Personal information
- Full name: Petar Atanasov Petrov
- Date of birth: 20 February 1961 (age 65)
- Place of birth: Virovsko, Bulgaria
- Height: 1.83 m (6 ft 0 in)
- Position: Left back

Senior career*
- Years: Team / Apps / (Gls)
- 1980–1989: Levski Sofia / 205 / (13)
- 1989–1993: Beira-Mar / 100 / (10)
- 1993–1994: Beroe Stara Zagora / 8 / (0)
- 1994–1997: Akademik Sofia
- Total:  / 313 / (23)

International career
- 1981–1987: Bulgaria / 47 / (0)

= Petar Petrov (footballer, born 1961) =

Bulgarian footballer

Petar Atanasov Petrov (Пeтъp Aтaнacoв Пeтpoв; born 20 February 1961) is a former Bulgarian footballer who played as a left back.

== Club career ==
Born in Virovsko, Petrov started playing for PFC Levski Sofia. During his spell with the club – renamed Vitosha Sofia in 1985 – he was first-choice in seven of nine seasons, winning three national championships and two Bulgarian Cups; he scored a career-best five goals in 29 games in 1984–85.

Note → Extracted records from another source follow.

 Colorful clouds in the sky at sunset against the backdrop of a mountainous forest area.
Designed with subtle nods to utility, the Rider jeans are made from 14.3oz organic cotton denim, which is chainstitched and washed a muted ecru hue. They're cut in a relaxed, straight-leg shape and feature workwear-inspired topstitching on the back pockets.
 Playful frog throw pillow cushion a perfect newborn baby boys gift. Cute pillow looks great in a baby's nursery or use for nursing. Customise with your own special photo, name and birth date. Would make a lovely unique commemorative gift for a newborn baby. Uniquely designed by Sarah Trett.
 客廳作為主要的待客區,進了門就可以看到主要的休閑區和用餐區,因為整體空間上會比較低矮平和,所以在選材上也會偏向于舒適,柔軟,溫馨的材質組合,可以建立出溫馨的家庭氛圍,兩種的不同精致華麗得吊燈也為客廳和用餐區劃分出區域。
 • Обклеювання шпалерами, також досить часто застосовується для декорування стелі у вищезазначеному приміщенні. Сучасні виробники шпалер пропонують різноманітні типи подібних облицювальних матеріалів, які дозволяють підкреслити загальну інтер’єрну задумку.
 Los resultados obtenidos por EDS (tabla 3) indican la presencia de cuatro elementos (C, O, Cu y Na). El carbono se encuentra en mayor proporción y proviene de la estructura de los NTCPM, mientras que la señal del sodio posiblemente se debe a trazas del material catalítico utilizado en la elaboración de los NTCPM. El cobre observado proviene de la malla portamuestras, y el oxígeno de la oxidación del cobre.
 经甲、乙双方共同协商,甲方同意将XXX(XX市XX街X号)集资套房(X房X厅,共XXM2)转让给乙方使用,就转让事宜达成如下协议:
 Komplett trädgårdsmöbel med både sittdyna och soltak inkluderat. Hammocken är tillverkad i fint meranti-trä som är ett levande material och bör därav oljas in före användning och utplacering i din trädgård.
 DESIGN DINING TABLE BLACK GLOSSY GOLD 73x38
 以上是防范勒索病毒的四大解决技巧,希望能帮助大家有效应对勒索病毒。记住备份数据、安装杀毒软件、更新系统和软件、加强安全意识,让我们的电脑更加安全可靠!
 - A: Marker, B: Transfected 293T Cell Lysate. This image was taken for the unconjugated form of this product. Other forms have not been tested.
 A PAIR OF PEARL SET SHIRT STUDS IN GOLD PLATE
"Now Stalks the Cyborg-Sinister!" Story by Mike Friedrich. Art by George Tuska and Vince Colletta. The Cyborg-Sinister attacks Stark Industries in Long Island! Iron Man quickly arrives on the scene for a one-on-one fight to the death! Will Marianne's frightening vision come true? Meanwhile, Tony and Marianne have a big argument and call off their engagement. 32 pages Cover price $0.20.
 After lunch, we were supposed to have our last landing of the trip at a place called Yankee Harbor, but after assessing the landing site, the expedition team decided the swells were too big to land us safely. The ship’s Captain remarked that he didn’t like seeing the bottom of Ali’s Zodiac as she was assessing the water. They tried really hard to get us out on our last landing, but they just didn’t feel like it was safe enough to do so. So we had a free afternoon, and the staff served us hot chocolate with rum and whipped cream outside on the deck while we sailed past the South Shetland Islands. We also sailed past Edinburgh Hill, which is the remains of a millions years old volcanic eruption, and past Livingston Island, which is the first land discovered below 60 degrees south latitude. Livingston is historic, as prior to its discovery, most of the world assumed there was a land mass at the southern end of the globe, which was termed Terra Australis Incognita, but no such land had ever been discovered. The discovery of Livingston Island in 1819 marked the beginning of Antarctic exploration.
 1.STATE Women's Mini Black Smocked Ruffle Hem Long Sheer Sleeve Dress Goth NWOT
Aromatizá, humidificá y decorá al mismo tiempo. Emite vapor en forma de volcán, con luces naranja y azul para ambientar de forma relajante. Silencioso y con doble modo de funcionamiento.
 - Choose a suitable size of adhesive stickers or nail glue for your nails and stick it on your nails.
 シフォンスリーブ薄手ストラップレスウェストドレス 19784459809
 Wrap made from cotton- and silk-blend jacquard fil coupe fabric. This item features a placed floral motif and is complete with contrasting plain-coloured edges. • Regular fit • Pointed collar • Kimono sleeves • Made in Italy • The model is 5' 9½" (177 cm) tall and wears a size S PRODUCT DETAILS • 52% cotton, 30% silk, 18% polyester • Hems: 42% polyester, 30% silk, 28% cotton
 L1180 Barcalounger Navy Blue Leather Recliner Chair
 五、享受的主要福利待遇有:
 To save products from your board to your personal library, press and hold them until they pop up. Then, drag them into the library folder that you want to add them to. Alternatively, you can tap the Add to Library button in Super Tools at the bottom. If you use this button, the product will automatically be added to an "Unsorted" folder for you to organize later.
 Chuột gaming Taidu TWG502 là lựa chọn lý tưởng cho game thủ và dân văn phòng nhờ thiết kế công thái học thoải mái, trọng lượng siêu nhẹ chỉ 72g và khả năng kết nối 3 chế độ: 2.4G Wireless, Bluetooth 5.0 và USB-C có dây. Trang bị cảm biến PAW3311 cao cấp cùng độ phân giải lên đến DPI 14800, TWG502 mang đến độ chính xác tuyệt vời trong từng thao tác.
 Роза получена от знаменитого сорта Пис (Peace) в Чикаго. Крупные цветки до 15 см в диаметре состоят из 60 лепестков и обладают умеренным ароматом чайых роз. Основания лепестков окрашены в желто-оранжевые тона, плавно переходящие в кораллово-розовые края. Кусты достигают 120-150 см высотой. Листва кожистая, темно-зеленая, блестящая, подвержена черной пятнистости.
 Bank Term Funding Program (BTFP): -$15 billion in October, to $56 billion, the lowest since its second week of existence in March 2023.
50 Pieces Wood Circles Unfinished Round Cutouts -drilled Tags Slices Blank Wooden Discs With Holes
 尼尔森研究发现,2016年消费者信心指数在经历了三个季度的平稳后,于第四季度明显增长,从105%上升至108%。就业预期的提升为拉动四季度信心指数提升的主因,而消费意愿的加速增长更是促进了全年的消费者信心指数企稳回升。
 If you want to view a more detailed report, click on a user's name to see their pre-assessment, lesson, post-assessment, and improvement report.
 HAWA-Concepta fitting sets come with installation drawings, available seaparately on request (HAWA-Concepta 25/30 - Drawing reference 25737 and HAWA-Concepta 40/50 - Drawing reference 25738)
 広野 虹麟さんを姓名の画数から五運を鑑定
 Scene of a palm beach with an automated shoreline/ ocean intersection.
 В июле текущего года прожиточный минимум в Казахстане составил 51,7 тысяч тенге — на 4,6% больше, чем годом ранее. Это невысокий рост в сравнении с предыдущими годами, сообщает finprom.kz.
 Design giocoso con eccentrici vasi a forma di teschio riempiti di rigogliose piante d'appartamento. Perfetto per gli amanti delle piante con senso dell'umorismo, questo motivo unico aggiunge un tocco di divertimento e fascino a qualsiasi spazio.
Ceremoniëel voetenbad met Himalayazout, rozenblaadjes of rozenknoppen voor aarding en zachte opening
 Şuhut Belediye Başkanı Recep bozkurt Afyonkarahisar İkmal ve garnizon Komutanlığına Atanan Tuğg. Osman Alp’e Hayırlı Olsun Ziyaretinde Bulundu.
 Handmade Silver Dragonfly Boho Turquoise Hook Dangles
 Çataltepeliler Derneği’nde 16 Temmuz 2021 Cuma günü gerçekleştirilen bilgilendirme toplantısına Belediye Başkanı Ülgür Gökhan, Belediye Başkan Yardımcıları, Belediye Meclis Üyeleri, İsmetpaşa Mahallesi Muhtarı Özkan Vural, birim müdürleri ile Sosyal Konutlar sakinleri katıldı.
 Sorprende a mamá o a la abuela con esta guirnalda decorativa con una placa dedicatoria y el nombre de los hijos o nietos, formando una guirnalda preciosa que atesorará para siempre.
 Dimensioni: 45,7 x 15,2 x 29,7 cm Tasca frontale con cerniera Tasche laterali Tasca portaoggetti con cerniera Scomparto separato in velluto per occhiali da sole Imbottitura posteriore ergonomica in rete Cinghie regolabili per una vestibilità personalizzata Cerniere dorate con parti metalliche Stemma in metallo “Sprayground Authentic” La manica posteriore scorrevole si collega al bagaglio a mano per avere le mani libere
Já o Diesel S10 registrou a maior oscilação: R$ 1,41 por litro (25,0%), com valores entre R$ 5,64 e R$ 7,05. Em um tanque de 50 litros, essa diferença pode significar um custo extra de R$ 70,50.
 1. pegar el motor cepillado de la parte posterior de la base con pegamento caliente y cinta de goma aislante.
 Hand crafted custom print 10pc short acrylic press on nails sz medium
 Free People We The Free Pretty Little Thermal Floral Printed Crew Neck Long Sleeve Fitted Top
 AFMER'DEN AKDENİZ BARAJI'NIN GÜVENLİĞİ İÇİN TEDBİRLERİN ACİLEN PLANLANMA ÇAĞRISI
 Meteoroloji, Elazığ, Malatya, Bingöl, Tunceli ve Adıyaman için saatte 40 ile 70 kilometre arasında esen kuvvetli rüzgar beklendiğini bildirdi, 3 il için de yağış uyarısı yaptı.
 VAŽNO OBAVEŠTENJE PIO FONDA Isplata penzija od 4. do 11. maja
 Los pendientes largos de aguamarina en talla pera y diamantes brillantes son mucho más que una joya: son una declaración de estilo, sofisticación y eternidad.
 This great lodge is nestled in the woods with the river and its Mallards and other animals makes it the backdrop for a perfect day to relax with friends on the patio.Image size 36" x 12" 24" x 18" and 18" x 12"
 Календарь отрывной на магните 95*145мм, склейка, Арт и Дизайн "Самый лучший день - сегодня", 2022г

Petrov was allowed to leave the Iron Curtain nation in 1989, at the age of 28, and signed with Portuguese team S.C. Beira-Mar. After four years, always in the Primeira Liga, he returned to his homeland and joined PFC Beroe Stara Zagora, retiring subsequently.

== International career ==
Petrov gained 47 caps for Bulgaria in six years. He was part of the squad that competed at the 1986 FIFA World Cup, He didn't play in the opening game against Italy (1-1) but played in all the other matches for Bulgaria.